2D View: Where you can view your material in 2D space
- you can view any node in this view simply by double clicking on it in the graph editor
- hitting space bar in the 2D View will change the view to a tiling image.
Library: This is area where you can find all of your atomic nodes, environments, grunge maps, etc.
- by simply hitting space bar in the graph editor you can access a compressed version of the library and search and resource you want.
Properties: This display the editable information of the nodes.
- click on any node to edit them in the properties panel
Graph: This is where the action happens. In this space you will be placing your node networks here and developing your materials.
- Just above the graph is a list of tools called atomic nodes. These are more or less tools or functions that change your material across your node network. A kin to unreal engines multiply is Substance Designers Blend node. However, Designer is far more sophisticated.
Explorer: This is where you can view your Substance Package and your Substance graphs. Substance Designer makes use a parent and child relationship similar to most 3D softwares such Maya. You Substance Package is the parent and you Substance Graph is the child.
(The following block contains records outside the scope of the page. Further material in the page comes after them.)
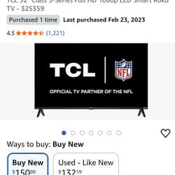 TCL 32" Smart Roku TV (1080p Full HD) - $75$75Pittsburgh, PA
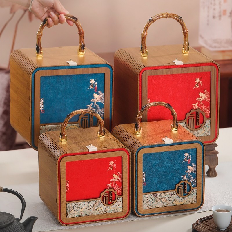 新款招财进宝创意手提竹木盒茶叶散茶包装盒
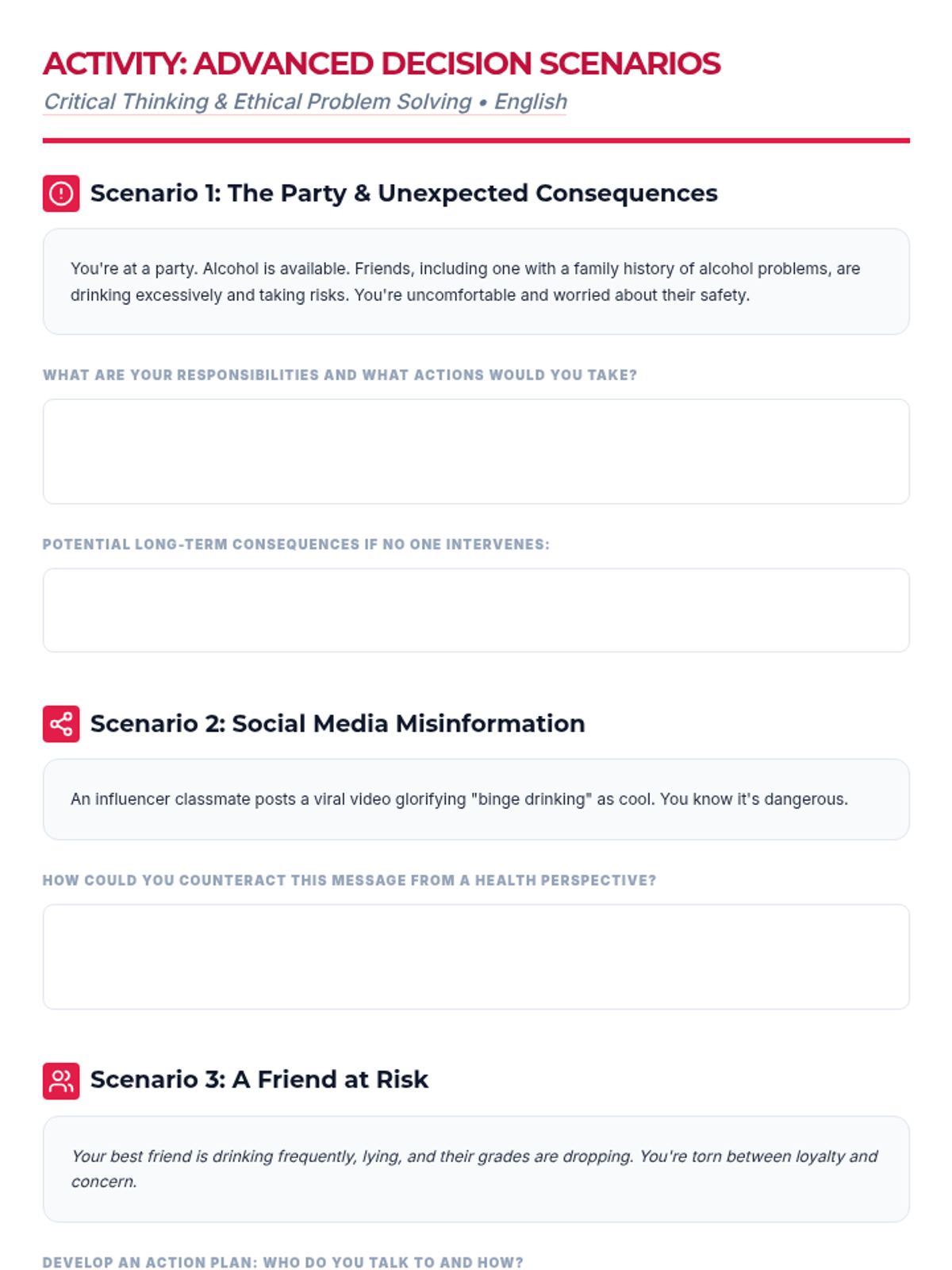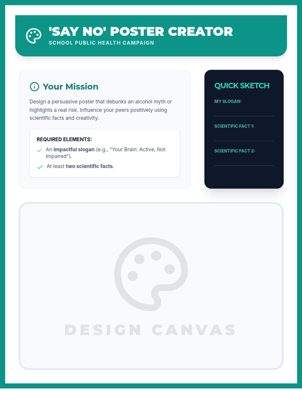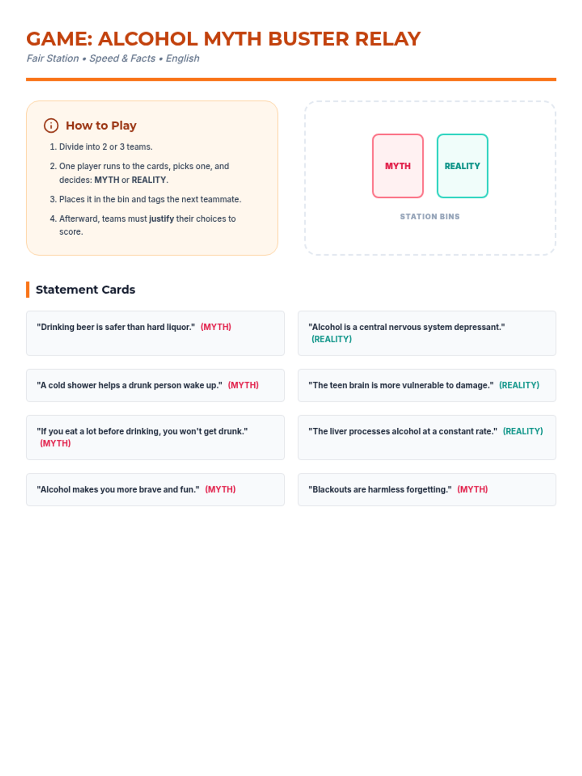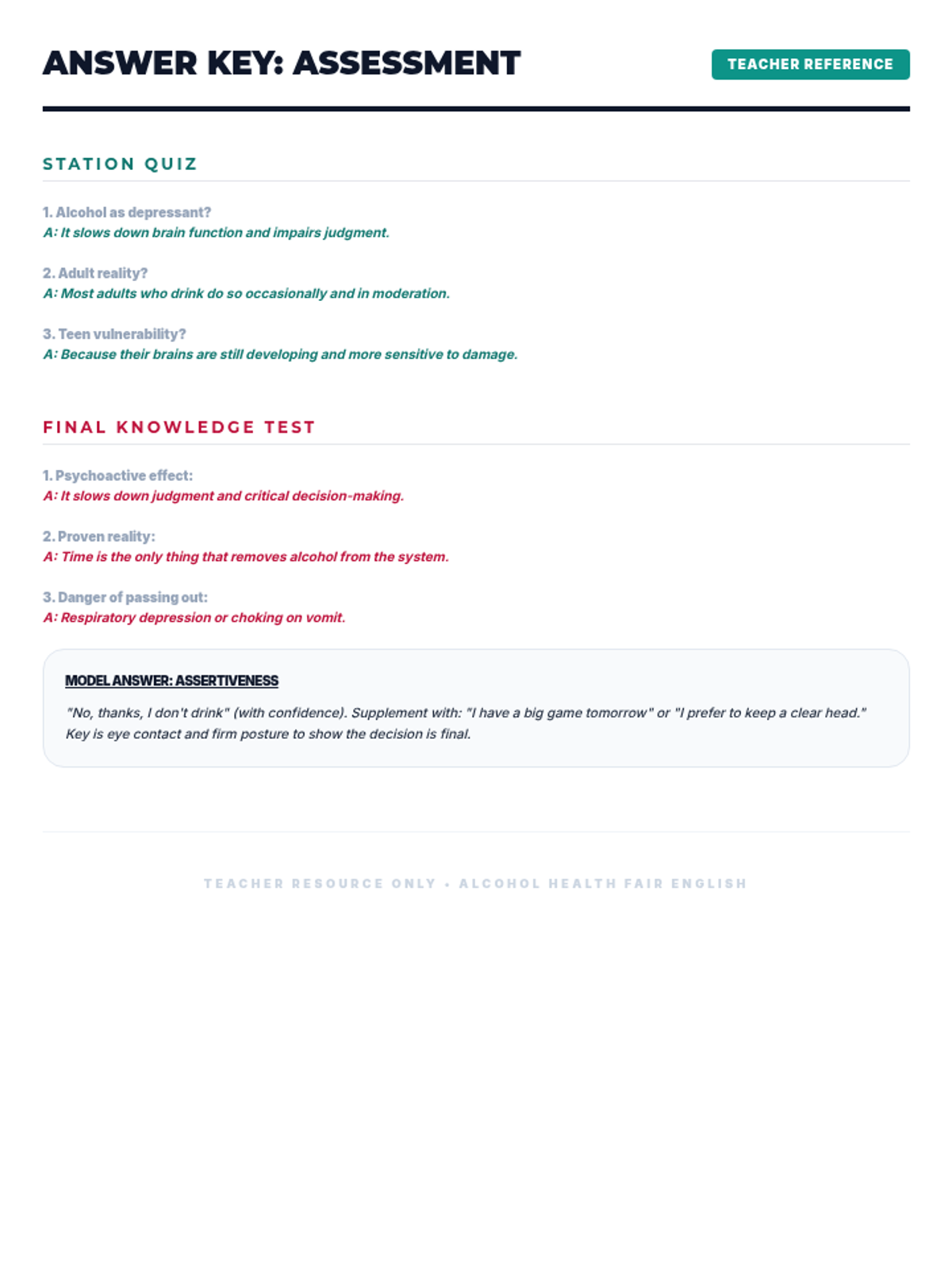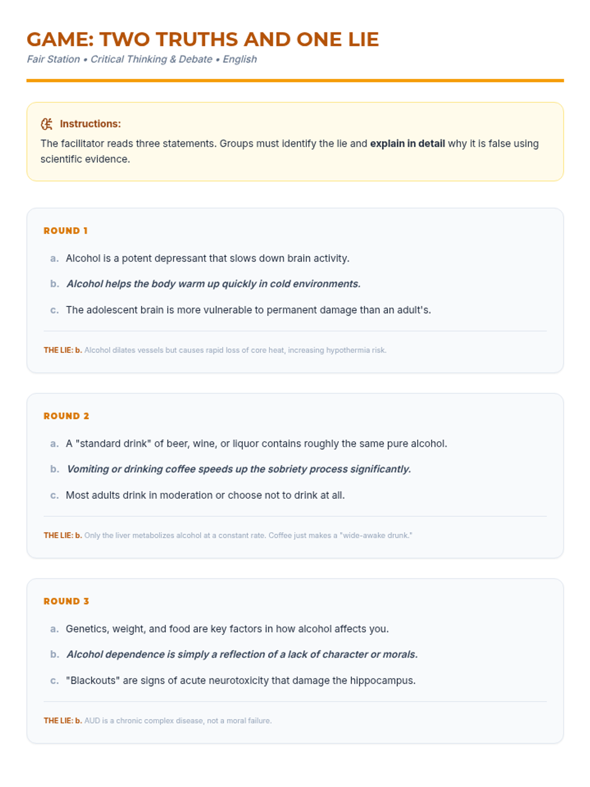 Una feria de salud interactiva diseñada para estudiantes de 7º grado para desmitificar creencias sobre el alcohol, entender sus efectos biológicos y practicar la toma de decisiones saludables. Brinda herramientas prácticas de resistencia y análisis crítico de medios.

- you can view the substance graph in the graph editor
- it is possible to have many substance graphs in a single substance package.
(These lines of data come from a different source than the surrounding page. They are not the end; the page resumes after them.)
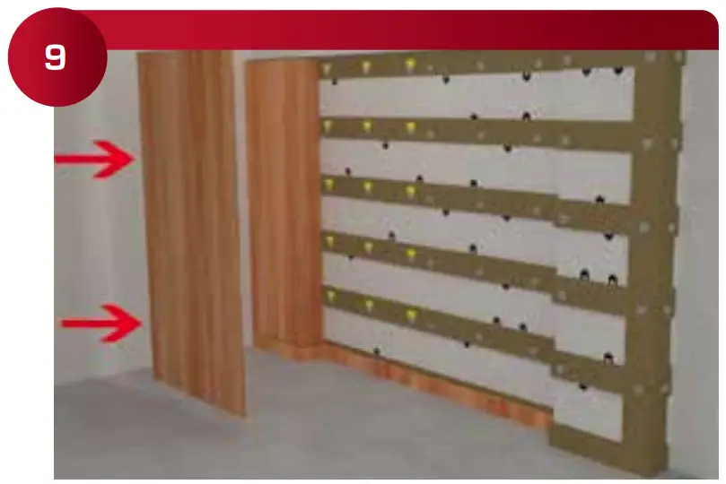 Preassemble the vertical furring corners (if any) and install them to use as a guide for the horizontal furring.
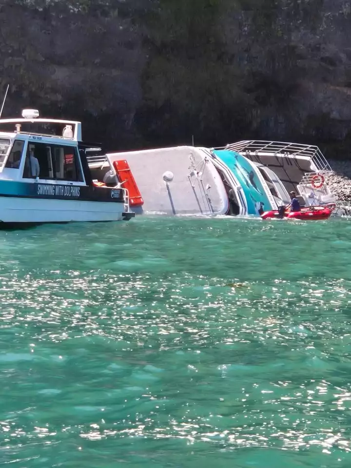 A Black Cat Cruise boat has capsized off Akaroa this afternoon, prompting the evacuation of all passengers.
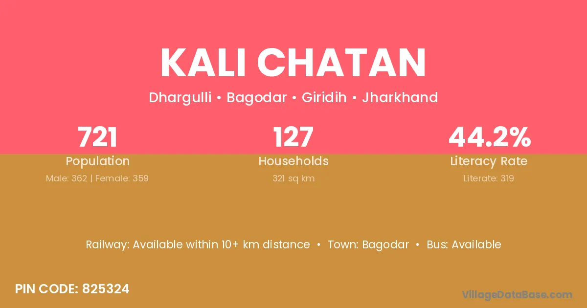 Kali Chatan village has a total population of 721 people, of which 362 are males and 359 are females.
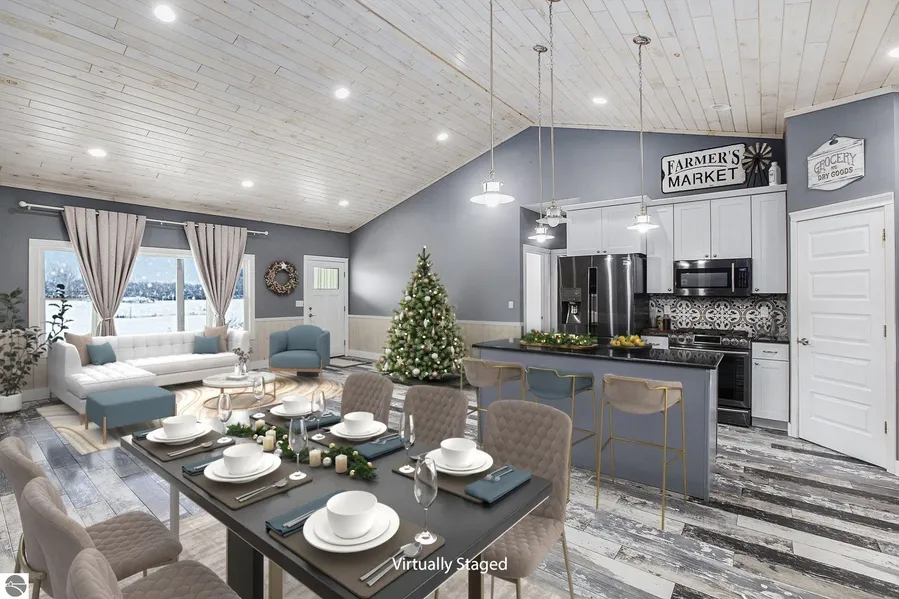 Imagine your Holidays in your new home! This home is move in ready. Ready to make dreams come true for the new year! Modern Ranch Home on 2 Acres, Near Cadillac, MI. Move-In Ready Country Retreat. Built in 2018. Energy Efficient and Peaceful Setting. Discover this stunning 3 bedroom, 2 bath modern ranch on 2 beautiful acres in Highland Township (Tustin) offering the perfect blend of Up North serenity and modern comfort, just minutes from Cadillac and area lakes, trails, and recreation. Step into a bright, open kitchen with center island, stainless appliances, walk-in pantry, and plenty of storage. The perfect place to gather with family and friends. The home’s efficient radiant in-floor heat runs throughout the house and attached garage, keeping every space warm and inviting year-round. Built in 2018, this move-in ready home features tinted windows, premium insulation, and a durable metal roof for low-maintenance living. The covered front porch with recessed lighting is ideal for enjoying morning coffee, hummingbirds, and peaceful sunsets. The spacious primary suite offers a walk-in closet, private bath with soaking tub and shower, and fresh paint. Additional highlights include a convenient laundry area with sink, a large storage shed with loft, and expanded concrete parking. The property is also prepped for a mini-split A/C system if desired. Located at the end of a quiet road, this property provides privacy, wildlife, and beautiful views. The ultimate Up North Michigan lifestyle. Watch deer graze in your backwoods, garden in your open backyard, or simply unwind in complete peace.

- this is one of the many perks of substance designer because unlike painter; designer can ulitlize this parent and child relationship and blend many materials to create an entirely unique one.
- Substance Designer is also capable of exporting materials directly to Unreal Engine and Unity with the Substance plugin. This also you to directly make your substance materials as unreal materials.
- Substance Designer can also export materials straight to Substance Painter. Allowing artists to author their own materials.
- if a node has a sockets on the left side of it, that means that it will be used at the beginning of the node network
- if a node a has a socket on the right side of it, that means that it will be an output node, or the end of the network.
if there is a nod with a socket on both the right and left sides that means it a gonna be used as bridging nodes together.
the gray color sockets means that sockets with this color can only take in gray scale color data
the yellow nodes means the these sockets with this color can take color data
the nodes with both gray and yellow socket can take both gray scale and color data.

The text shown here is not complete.